List or character. Output from spatiotemporal_partition or path to an .rds file containing that output.

pseudoabsence_result

List or character. Output from generate_absences or path to an .rds file containing that output.

model_vars

Character vector. Names of predictor columns to include in the Random Forest. All variables must be present as columns in both the presence and pseudoabsence data.

rf_params

Named list. Additional arguments passed to randomForest, such as ntree (number of trees, default 500), mtry (number of variables tried at each split, default floor(sqrt(length(model_vars)))), and nodesize (minimum node size, default 1 for classification). Default is an empty list, which uses randomForest defaults.

threshold_method

Character or numeric. Method used to convert continuous predicted probabilities to binary suitability. Accepted values:

  • "prevalence": Sets threshold equal to the prevalence (proportion of presences) in the training data for that fold.

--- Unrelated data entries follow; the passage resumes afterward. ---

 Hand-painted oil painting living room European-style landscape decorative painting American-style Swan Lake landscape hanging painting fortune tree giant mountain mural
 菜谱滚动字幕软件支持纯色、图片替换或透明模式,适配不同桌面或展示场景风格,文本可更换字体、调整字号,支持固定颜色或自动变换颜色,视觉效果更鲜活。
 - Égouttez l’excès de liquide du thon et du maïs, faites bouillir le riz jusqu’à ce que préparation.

  • "tss": Selects the threshold that maximizes the True Skill Statistic (sensitivity + specificity - 1) on the training data. Default.

  • A numeric value between 0 and 1 (e.g. 0.4): Uses that value as a fixed threshold for all folds directly.

output_dir

Character. Directory to write output files including saved model objects and plots. Default is file.path(tempdir(), "RF_Models").

create_plot

Logical. If TRUE, generates a per-fold variable importance plot, partial dependence curves for each predictor, and a combined ROC curve summary. Default is TRUE.

plot_palette

Character. Name of an HCL or RColorBrewer palette used to color folds in diagnostic plots. Accepts any HCL palette name (see hcl.pals) or, if RColorBrewer is installed, any Brewer palette name. Default is "Dark 2".

overwrite

Logical. If TRUE, overwrites existing saved model files. If FALSE, loads existing files when available. Default is FALSE.

time_cols

Character. Name of the column(s) containing year or time step values in the occurrence data. Must match time_cols used in spatiotemporal_partition. Default is NULL.

verbose

Logical. If TRUE (default), prints progress messages during processing. Includes per-fold training summaries and file-saved messages.

Value

A list with class "TemporalRF" containing:

  • models: Named list of fitted randomForest objects, one per fold.

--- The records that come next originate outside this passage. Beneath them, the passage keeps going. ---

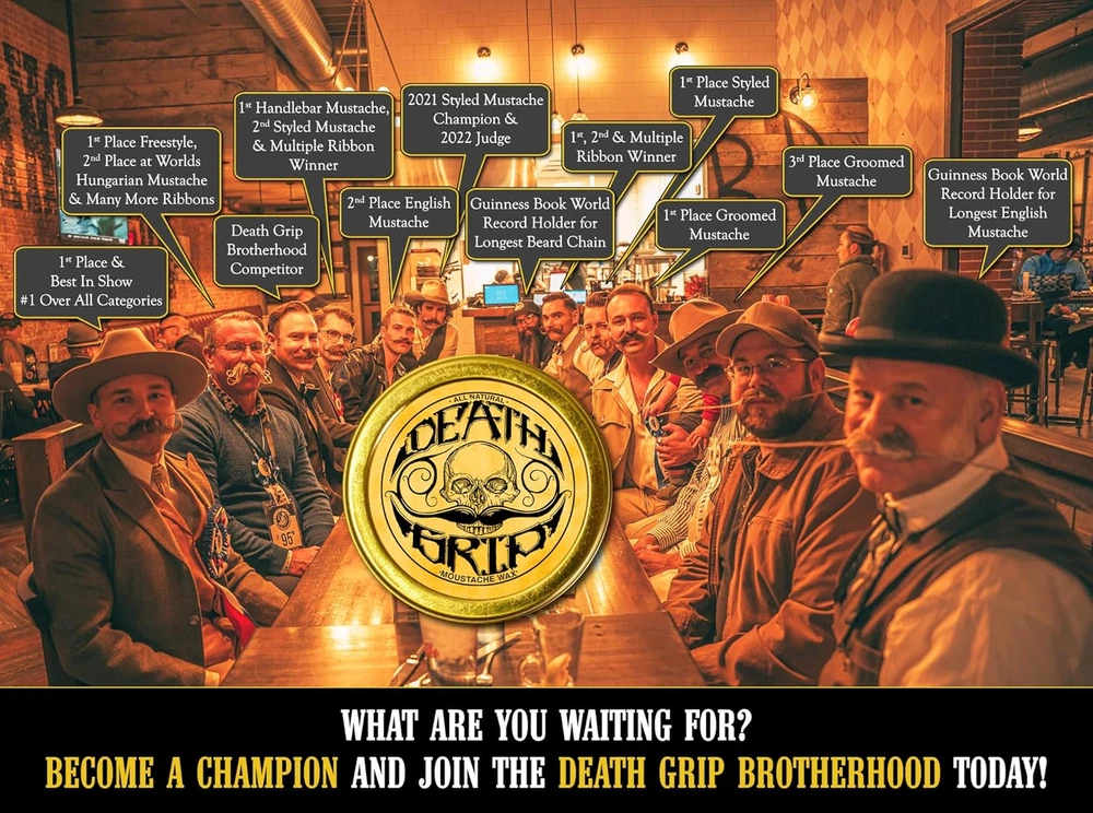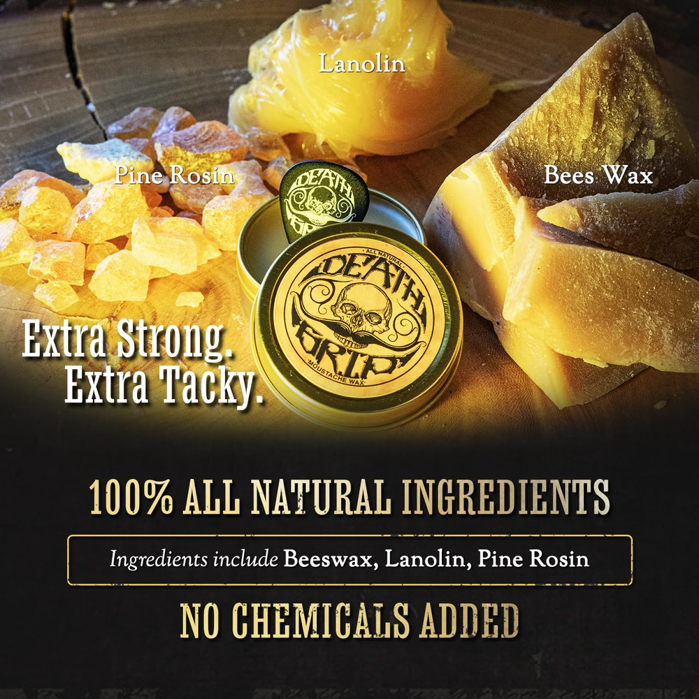 Store New Arrivals Add to Favorite View Feedback Contact Mustache Wax Death Grip Extra Strong Hold Moustache Wax Description Item model number MW-002 Manufacturer Death Grip Style Death Grip Extra Strong Hold Is Discontinued By Manufacturer No Product Dimensions 2.13 x 2.13 x 0.5 inches; 1.45 ounces Product Benefits function(f) {var _np=(window.P._namespace("DetailPageProductOverviewTemplatesJava"));if(_np.guardFatal){_np.guardFatal(f)(_np);}else{f(_np);}}(function(P) { P.when('A').execute(function(A){ A.on('a:truncate:po-attribute-truncate-0:updated', function(data) { var isTruncated = !data.truncateInstance.getIfTextFits(); var seeMoreElement = document.getElementById('po-attribute-see-more-id-0'); if(seeMoreElement) { seeMoreElement.style.display = isTruncated ? '' : 'none'; } }) }); })); Provides extra strong hold for up to 8+ hours, lasts up to 4 months, and contains all-natural cruelty-free ingredients. See more Material Type Free Dye Free, Paraffin Free, Paraben Free Liquid Volume 1 Fluid Ounces Scent Unscented Hair Type All Size 1 Ounce (Pack of 1) Caution For Serious Moustaches Only - Hairdryer or heat with a little bit of practice is recommended Extra Strong Hold - Holds those unruly stash whiskers in place for 8 plus hours even in hot weather Lasts A Long Time - 1oz metal tin mustache wax can last up to 4 months of daily usage; non scented Handcrafted Made In the USA - All natural cruelty free ingredients competition grade moustache wax Death Grip Mustache Wax Promise - If you are not happy for any reason we will refund your money Product Description Origin Story of Death Grip Mustache Wax The video showcases the product in use. The video guides you through product setup. The video compares multiple products. The video shows the product being unpacked. hero-video Merchant Video The video showcases the product in use. The video guides you through product setup. The video compares multiple products. The video shows the product being unpacked. hero-video Merchant Video Death Grip Mustache Wax Death Grip Mustache Wax is ideal for all your grooming needs. A little goes a long way, so you do not need to waste product by using a huge amount. Simply spread wax evenly without “pilling up”. For best results, use a hairdryer or heat up to make the wax more malleable to attain the perfect curl & shape you desire. Product Comparison Add to Cart Add to Cart Add to Cart Add to Cart Customer Reviews 4.4 out of 5 stars 10,448 4.4 out of 5 stars 10,448 4.4 out of 5 stars 10,448 4.4 out of 5 stars 10,448 Price $17.98 $ 17 . 98 $17.98 $ 17 . 98 $17.98 $ 17 . 98 $17.98 $ 17 . 98 Heat Source Required Yes Yes No No Tacky? Yes Slightly No Slightly Hold Strength Extra Strong. Extra Tacky. Extra Strong. Extra Firm. Medium. Easy Application. Strong. Easy Application. Intended Use / Style Competition Grade / Handlebar Competition Grade English Dali Training Styling Natural Look Styling / Training What's Included? 1oz Mustache Wax with Pick 1oz Mustache Wax with Pick 1oz Mustache Wax with Pick 1oz Mustache Wax with Pick Unscented ✔ ✔ ✔ ✔ How To Clean? Night Fury Wax Remover & Soap Night Fury Wax Remover & Soap Soap & Water Soap & Water ABOUT US We offer the best prices around on high quality products. Our E-store includes media such as books, movies, music and games while offering electronics, toys, sporting apparel, clothing, tools, general home, garden items and more. SHIPPING We are always working hard to ensure your package arrives as soon as possible. Please understand that some factors like weather, high postal traffic, and the performance of shipping companies are outside of our control. We offer free shipping to the lower 48 states and ship within 2 business days of payment, usually sooner. We do not accept P.O. Boxes. Please provide a physical address. RETURNS We offer a 30-Day Return Policy on items which you are not completely satisfied with. You have the option for a full-refund or an exchange of the item. No returns are available on items shipped outside of the USA. PAYMENT We accept PayPal. CONTACT US This page content is yet to come Please ad us to your favorite seller and visit again later Thank You CUSTOMER SATISFACTION We try our very best to make sure every customer is completely satisfied. If there's a problem, message us! We're happy to help.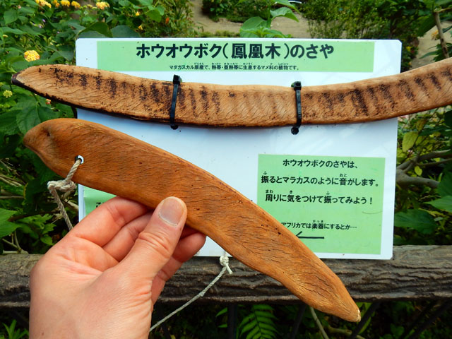 温室には蝶たちにも人気のランタナの花もたくさん咲いていて、わたくしもそのシャーベットカラーの取り合わせが好きです。・°・。ツマベニチョウさんが翅を閉じて木の葉に留まっておりましたが、陽の光に透かされて、トレードマークの鮮やかなオレンジ色が垣間見えているのがステキでした。・°・。大温室のシンボルツリーのような存在の、ホウオウボクの実が展示されていて、乾燥させた実を振るとマラカスのような音がするとのことで、さっそく試してみました・・・シャカシャカと心地よい音を体感できました♪。・°・。その6へつづく・・・2017/03/26(日) アトリエ☆イボヤギ 木村大介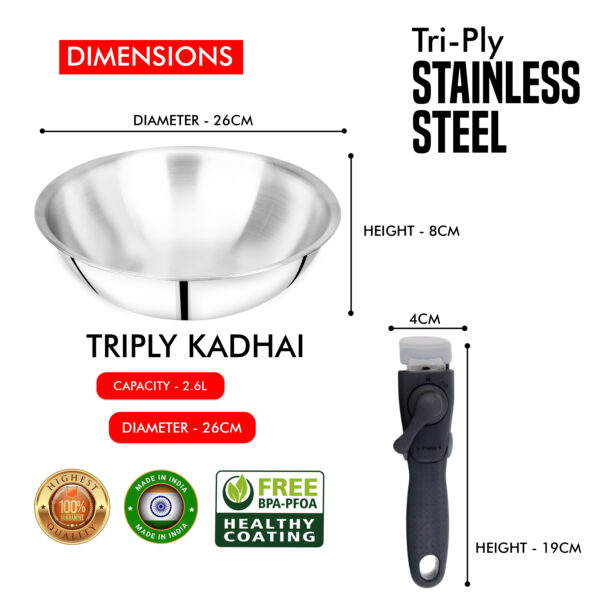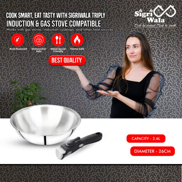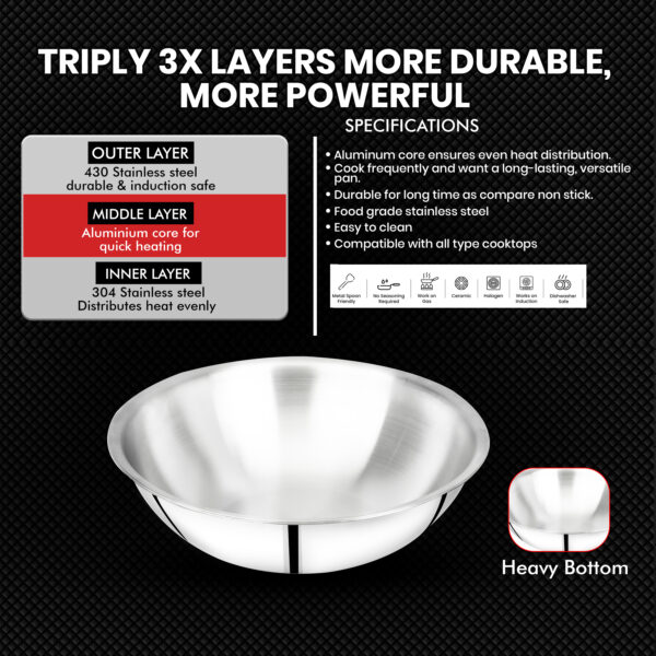 ✅ Capacity: 2.6L deep triply stainless steel kadhai

  • thresholds: Named numeric vector of probability thresholds used for binary classification, one per fold.

  • threshold_method: Character string recording the thresholding method used.

  • model_vars: Character vector of predictor names used.

  • variable_importance: Named list of importance data frames, one per fold, with mean decrease in accuracy for each predictor.

  • fold_training_data: Named list of training data frames used to fit each fold model, retained for downstream prediction.

  • fold_test_metrics: Data frame of held-out test fold metrics per fold: Threshold, AUC, TSS, Kappa, Sensitivity, and Specificity. Also written to Fold_Test_Metrics.csv in output_dir.

  • output_dir: Path to the output directory.

  • model_type: Character string "rf", used by generate_spatiotemporal_predictions.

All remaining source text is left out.